Presentation PDF (52.9 kB)

Local and mesoscale weather features in New York City are diagnosed using vertical profiles of the tropospheric aerosol content recorded by the City College of New York (CCNY) vertically pointing backscatter lidar. The lidar operates at three wavelengths (355, 532, and 1064 nm), providing 1-minute soundings from 500 m to 15 km with vertical resolution of 10 m . During periods of operation (mostly clear spring and summer weekdays), the lidar system runs continuously but is automatically shut down when a colocated radar detects aircraft above. Aerosol optical thickness is calculated from the range corrected power of the lidar signal after Rayleigh scattering of the molecular atmosphere has been subtracted.

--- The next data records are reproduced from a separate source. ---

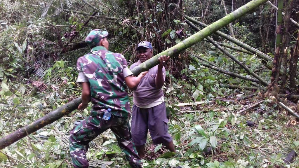 Sorong– Sebagai wujud kemanunggalan TNI terhadap Rakyat, Babinsa Koramil Ayamaru 1802-10/Ayamaru Serda Semli Nomleni dan Serda Soleman membantu warga binaan memotong dan mengangkat bambu dalam rangka pembuatan pagar gereja bertempat di Kampung Karetubun Distrik Ayamaru Utara, Senin (04/03/2019).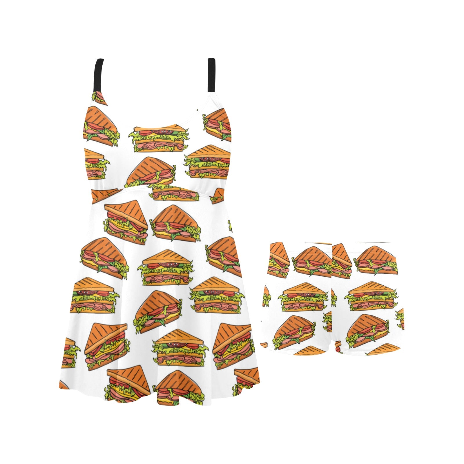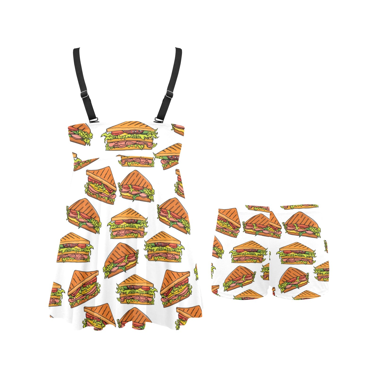 Sandwich Pattern Print Design 02 Chest Sexy Pleated Two Piece Swim Dress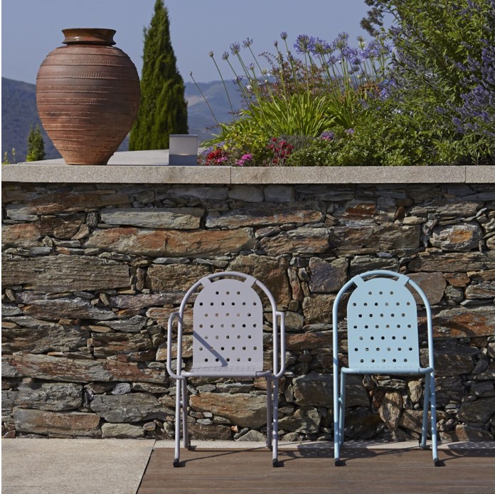 Židle 5005 je celokovová venkovní židle značky Adico s charakteristickým perforovaným sedákem a opěrákem. Jednoduchý obloukový rám dodává lehkost, zatímco pevná konstrukce zajišťuje vysokou odolnost při každodenním používání.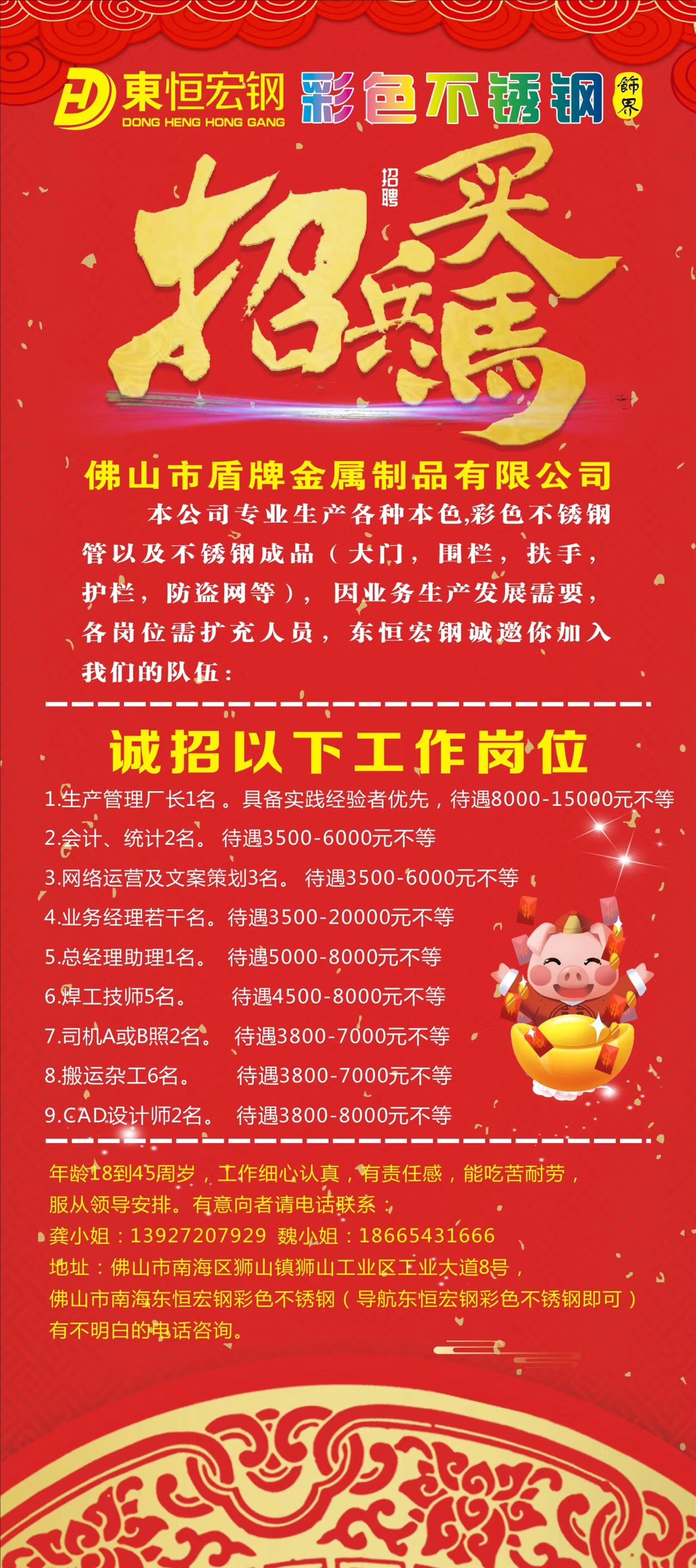因业务发展需要,我会理事单位——佛山市盾牌金属制品有限公司现诚聘以下精英:

Several characteristic profiles are observed and related to the concurrent and antecedent weather situations. These include:

1. At least some time on 65% of the days, visibility decreases upward to the top of the atmospheric boundary layer (ABL). This indicates the ABL is well mixed and has high relative humidity at the top, causing expansion of aerosols due to deliquesence. Visibility increases abruptly above the ABL when it is capped by a subsidence inversion. 2. The height and optical thickness of the ABL often increase shortly before onset of the sea breeze, but decrease after the sea breeze has become established. This suggests that the sea breeze front, when viewed in cross section, is marked by a vortex flow pattern similar to that at the leading edge of outflow from a thunderstorm downburst. 3. During established sea breeze and “back door” cold front regimes, visibility is high if fog is not present and gradually increases upward through the ABL. This indicates the ABL is stably stratified and poorly mixed 4. Discrete haze layers sandwiched in clear air above the ABL occur in about 40% of the cases. Most can be backtracked using trajectory analysis to near surface sources or to forest fires upwind. No such sources of aerosols exist for clean air layers above the ABL.